As government regulators dig into this new era of data competition, they may find that standard antitrust arguments are not so easy to make. Using more and more data to improve a service for users and more accurately target ads for merchants is a clear benefit, for example. And higher prices for consumers are not present with free internet services.
“You certainly don’t want to punish companies because of what they might do,” said Annabelle Gawer, a professor of the digital economy at the University of Surrey in England, who made a presentation at the Organization for Economic Cooperation and Development meeting. “But you do need to be vigilant. It’s clear that enormous power is in the hands of a few companies.”
Maurice Stucke, a former Justice Department antitrust official and a professor at the University of Tennessee College of Law, who also spoke at the gathering, said one danger was that consumers might be afforded less privacy than they would choose in a more competitive market.
The competition concerns echo those that gradually emerged in the 1990s about software and Microsoft. The worry is that as the big internet companies attract more users and advertisers, and gather more data, a powerful “network effect” effectively prevents users and advertisers from moving away from a dominant digital platform, like Google in search or Facebook in consumer social networks.
Evidence of the rising importance of data can be seen from the frontiers of artificial intelligence to mainstream business software. And certain data sets can be remarkably valuable for companies working on those technologies.
A prime example is Microsoft’s purchase of LinkedIn, the business social network, for $26.2 billion last year. LinkedIn has about 467 million members, and it houses their profiles and maps their connections.
Microsoft is betting LinkedIn, combined with data on how hundreds of millions of workers use its Office 365 online software, and consumer data from search behavior on Bing, will “power a set of insights that we think is unprecedented,” said James Phillips, vice president for business applications at Microsoft.
In an email to employees, Satya Nadella, Microsoft’s chief executive, described the LinkedIn deal as a linchpin in the company’s long-term goal to “reinvent productivity and business processes” and to become the digital marketplace that defines “how people find jobs, build skills, sell, market and get work done.”
IBM has also bet heavily on data for its future. Its acquisitions have tended to be in specific industries, like its $2.6 billion purchase last year of Truven Health, which has data on the cost and treatment of more than 200 million patients, or in specialized data sets useful across several industries, like its $2 billion acquisition of the digital assets of the Weather Company.

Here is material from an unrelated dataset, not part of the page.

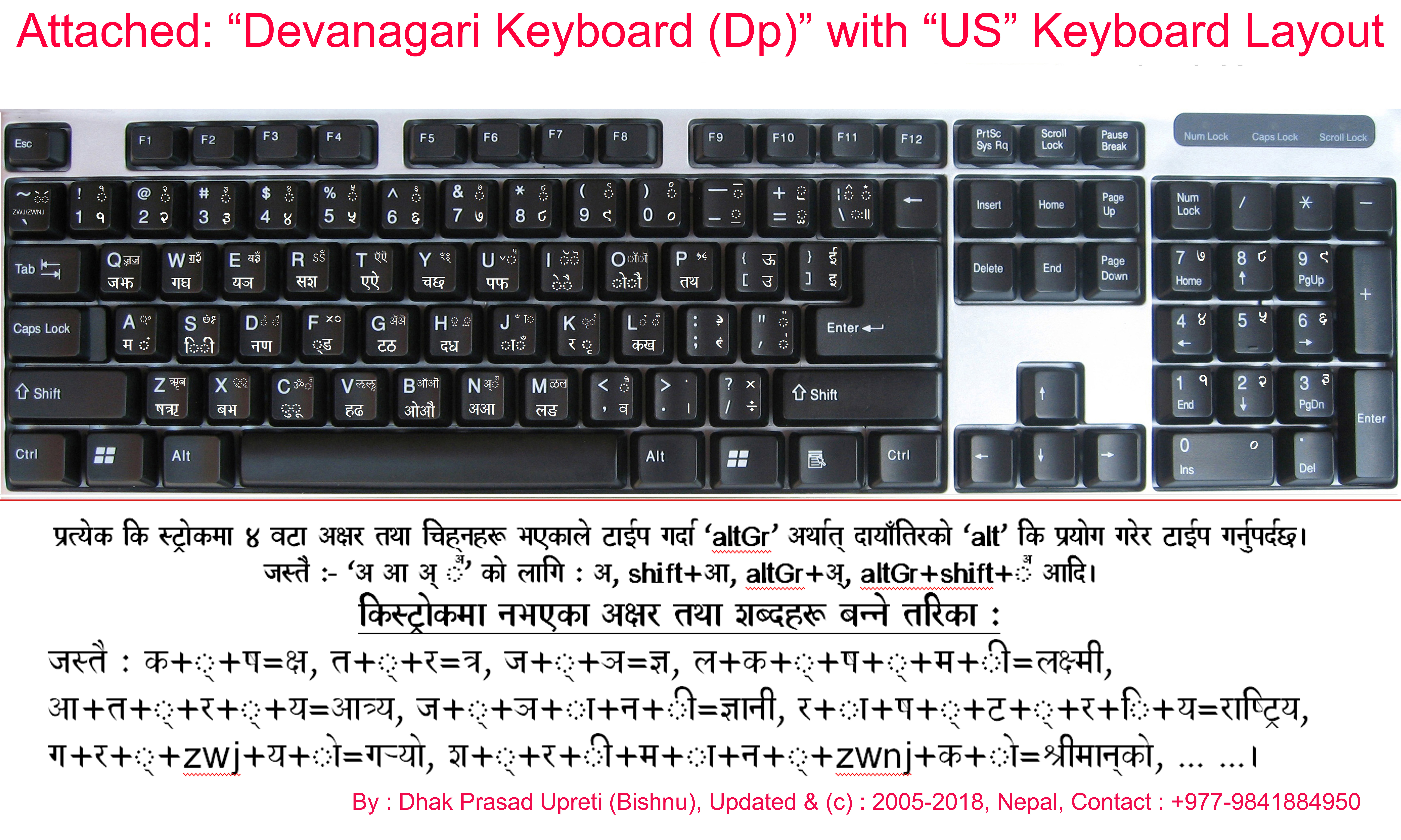 यो किबोर्ड लेआउट Devanagari Keyboard (Dp) कम्प्युटर प्रविधिमा देवनागरी लिपि, वैदिक चिह्नहरू र अन्य चिह्नहरू प्रयोग गरेर कार्य सम्पादन गर्नको लागि तयार गरिएको एउटा वैज्ञानिक किबोर्ड लेआउट हो। यो किबोर्ड लेआउटबाट देवनागरी लिपिमा चारै वेदहरू लिपिबद्ध गर्नको लागि देवनागरी लिपि र वैदिक चिह्नहरू सम्मिलित भएकाले संसारका देवनागरी लिपिमा लेखिने जुनसुकै भाषाहरू पनि लिपिबद्ध गर्न सकिन्छ। यस किबोर्डलाई वैज्ञानिक, टाइपिङ्ग भार सन्तुलित र आधुनिक बनाउनको लागि नेपाली भाषामा लेखिएको र झण्डै ५०% शब्दहरू प्रत्यक्ष सम्वादमा आधारित ३ सय ८१ पेज र साँढे बाह्र लाख अक्षरहरू भएको डकुमेन्टमा नेपाली भाषामा प्रयोग हुने प्रत्येक देवनागरी अक्षरहरूको frequency अध्ययन गरेर तयार गरिएको एक वैज्ञानिक किबोर्ड लेआउट हो। यस किबोर्ड लेआउटको सम्पूर्ण वैज्ञानिक पक्षहरू र किबोर्ड लेआउटको तालिका, किबोर्ड लेआउटको तालिका अनुसार Devanagari Keyboard (Dp) को hardware face र एउटा किबोर्ड लेआउटलाई आवश्यक पर्ने न्युनतम् अक्षरहरू राखिएको नमुना किबोर्ड लेआउट पनि स्पष्ट रुपमा प्रस्तुत गरिएको छ। यो किबोर्ड लेआउट अनुसार Microsoft Windows मा आवश्यक Keyboard Layout Mapping Table बनाई यही Table अनुसार install गरेर प्रयोग गर्नको लागि computer software Devanagari Keyboard (Dp) keyboard driver पनि यस लेआउटसँगै बनाएको छु। यसैगरि लिनक्स अपरेटिङ सिस्टमको Ubuntu 18.04 LTS भर्सनमा पनि परिक्षण गरेर लिनक्स जस्ता ओपन सोर्सभएका कम्प्युटरमा पनि सजिलैसँग यो किबोर्ड लेआउट प्रयोग गर्न सकिने कुरा प्रमाणित गर्दै यस संस्करणदेखि लिनक्सको लागि xkb/rules/evdev.xml को कोडिङ र xkb/symbols/dpk Keyboard Layout Mapping Table पनि स्पष्टसँग तयार गरिएको छ जसले गर्दा यो किबोर्ड लेआउटलाई सजिलैसँग आ-आफ्नो अपरेटिङ सिस्टममा सजिलैसँग एट्याच गर्न सकिनेछ। यसैगरी Apple कम्पनिको MAC OS मा पनि install गर्नको लागि “.dmg” इन्स्टलर पनि बनाइएको छ। यसकारण अहिले सम्मका धेरै चल्तिमा रहेका कम्प्युटर सिस्टमहरू Microsoft Windows, Linux OS and MAC OS मा सजिलै इन्स्टल गर्न सकिन्छ। यस किबोर्ड लेआउटबाट कम्प्युटरमा देवनागरी लिपिमा काम गर्ने संपूर्ण भाषा-भाषीहरूलाई सजिलो हुनेछ।

IBM estimates that 70 percent of the world’s data is not out on the public web, but in private databases, often to protect privacy or trade secrets. IBM’s strategy is to take the data it has acquired, add customer data and use that to train its Watson artificial intelligence software to pursue such tasks as helping medical researchers discover novel disease therapies, or flagging suspect financial transactions for independent auditors.
“Our focus is mainly on nonpublic data sets and extending that advantage for clients in business and science,” said David Kenny, senior vice president for IBM’s Watson and cloud businesses.
At Google, the company’s drive into cloud-delivered business software is fueled by data, building on years of work done on its search and other consumer services, and its recent advances in image identification, speech recognition and language translation.
For example, a new Google business offering — still in the test, or alpha, stage — is a software service to improve job finding and recruiting. Its data includes more than 17 million online job postings and the public profiles and résumés of more than 200 million people.
Its machine-learning algorithms distilled that to about four million unique job titles, ranked the most common ones and identified specific skills. The job sites CareerBuilder and Dice are using the Google technology to show job seekers more relevant openings. And FedEx, the giant package shipper, is adding the service to its recruiting site.
That is just one case, said Diane Greene, senior vice president for Google’s cloud business, of what is becoming increasingly possible — using the tools of artificial intelligence, notably machine learning, to sift through huge quantities of data to provide machine-curated data services.
“You can turn this technology to whatever field you want, from manufacturing to medicine,” Ms. Greene said.
Fei-Fei Li, director of the Stanford Artificial Intelligence Laboratory, is taking a sabbatical to become chief scientist for artificial intelligence at Google’s cloud unit. She sees working at Google as one path to pursue her career ambition to “democratize A.I.,” now that the software and data ingredients are ripe.
“We wouldn’t have the current era of A.I. without the big data revolution,” Dr. Li said. “It’s the digital gold.”
In the A.I. race, better software algorithms can put you ahead for a year or so, but probably no more, said Andrew Ng, a former Google scientist and adjunct professor at Stanford. He is now chief scientist at Baidu, the Chinese internet search giant, and a leading figure in artificial intelligence research.
Rivals, he added, cannot unlock or simulate your data. “Data is the defensible barrier, not algorithms,” Mr. Ng said.